Member of Parliament for Pierrefonds—Dollard
- In office October 25, 1993 – May 2, 2011
- Preceded by: Gerry Weiner
- Succeeded by: Lysane Blanchette-Lamothe

Personal details
- Born: January 30, 1943 (age 83) Montreal, Quebec, Canada
- Party: Liberal
- Spouse: Françoise Haxaire
- Profession: Physician

= Bernard Patry =

Canadian politician (born 1943)

Bernard Patry (/fr/; born January 30, 1943) is a Canadian politician who served six terms as the Member of Parliament (MP) for the Quebec riding of Pierrefonds—Dollard from 1993 to 2011. A member of the Liberal Party, Patry was also the President of the Assemblée parlementaire de la Francophonie (APF) from 2005 to 2007.

==Career==
Born in Montreal, Patry was a general practitioner and one of the founders of the Pierrefonds Medical Clinic. He began his political career in 1968, at the age of 25, becoming a city councillor in L'Île-Bizard, Quebec and one year later, one of the youngest mayors in Quebec. He was re-elected mayor five times and led his city for 18 years.

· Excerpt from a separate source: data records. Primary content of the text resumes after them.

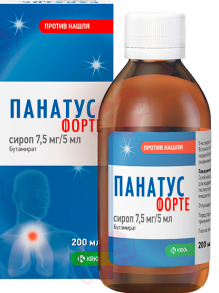 Сироп, противокашлевое средство центрального действия. Подавляет кашель, обладая прямым влиянием на кашлевой центр.Торговое наименование: Панатус® форте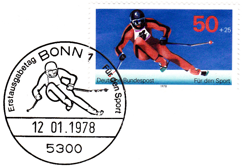 Auf der Zuschlagsmarke der Deutschen Bundespost für die Sporthilfe 1978 zu 50+25PF (MiNr 958) wird ein Abfahrtsläufer gezeigt. Hier eine Marke, die mit dem zum Motiv passenden Ersttagsonderstempel Bonn abgestempelt ist.
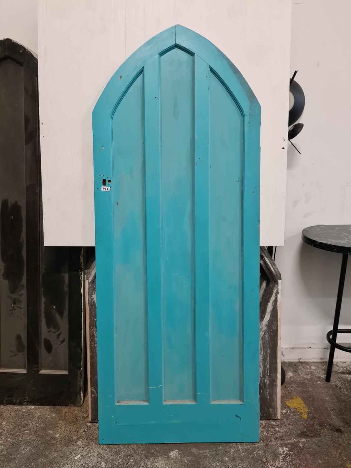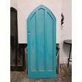 Arched Solid antigue 18th century door from Draculas tomb in The Vaults in Diublin, Solid and heavy with Hardware. 204cm x 80cm Painted turquoise on one side.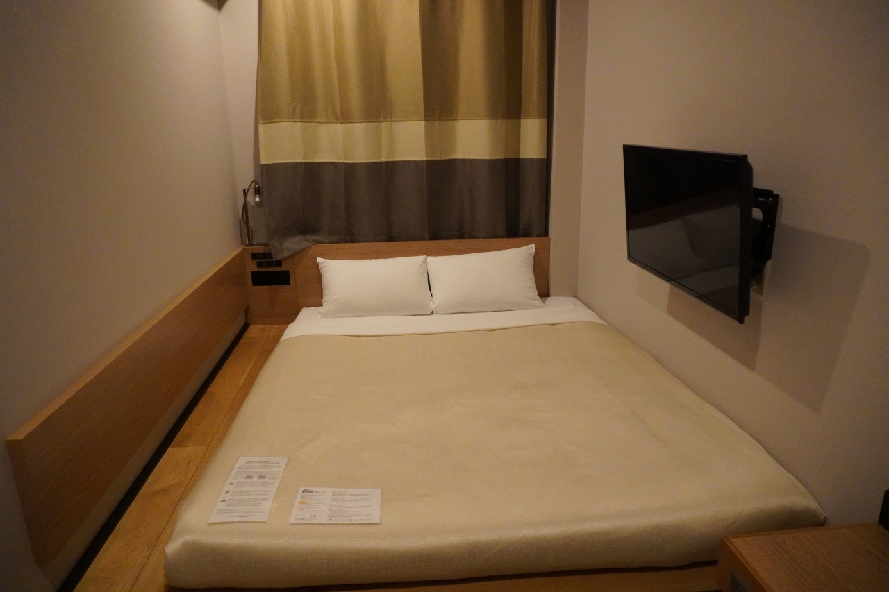 SAKURA TERRACE THE ATELIERは、京都駅の南エリア。地図だともう少し近そうだったのですが、ちょっと歩きますね。外観はマンションみたいな建物。部屋は小さめですが、逆に、そのスペースいっぱいにベッドを置いていて、ベッドの上で過ごしているとそこまで狭さを感じさせないという仕掛けですね。荷物が少ない人には悪くない工夫だと思います。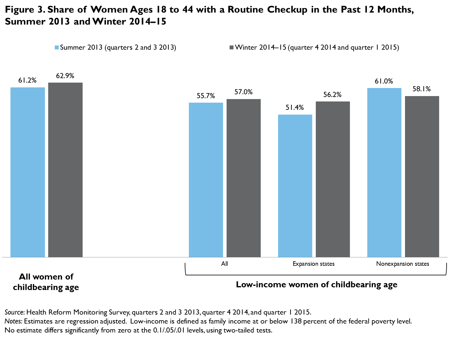 Broad measures of access to care reflecting connection to and use of the health care system support the conclusion that access to care has broadly remained stable between summer 2013 and winter 2014–15 for women of childbearing age. Not all women will require a routine checkup every 12 months, and recent recommendations have shifted away from annual Pap smears for women and annual checkups for all adults (Krogsboll et al. 2012).6 However, routine checkups remain a consistent marker of health care utilization, and evidence suggests that the levels of routine checkups have held steady. It may take some time for women to need and obtain a routine checkup, so it may be too early in ACA implementation to realize any marked improvements in utilization. In addition, some have expressed concerns that rapid increases in the number of people with insurance coverage would stress provider capacity and reduce access (Hill, Wilkinson, and Holahan 2014). Currently, however, we do not find evidence that these concerns have materialized for women of childbearing age (though it may take time for newly insured individuals to change care-seeking behavior), and the expiration of federal support for temporary enhanced reimbursement for Medicaid primary care services could affect access to providers (Medicaid and CHIP Payment and Access Commission 2015).

Patry was first elected to Parliament in 1993 as a Liberal candidate in the riding of Pierrefonds—Dollard, a position he held until 2011, when he lost re-election to NDP candidate Lysane Blanchette-Lamothe. During his time in Parliament, he notably served as Parliamentary Secretary to the Minister of Indian Affairs and Northern Development from 1996 to 1998. He was also the Chair of Standing Committee on Foreign Affairs and International Trade from 2002 to 2006.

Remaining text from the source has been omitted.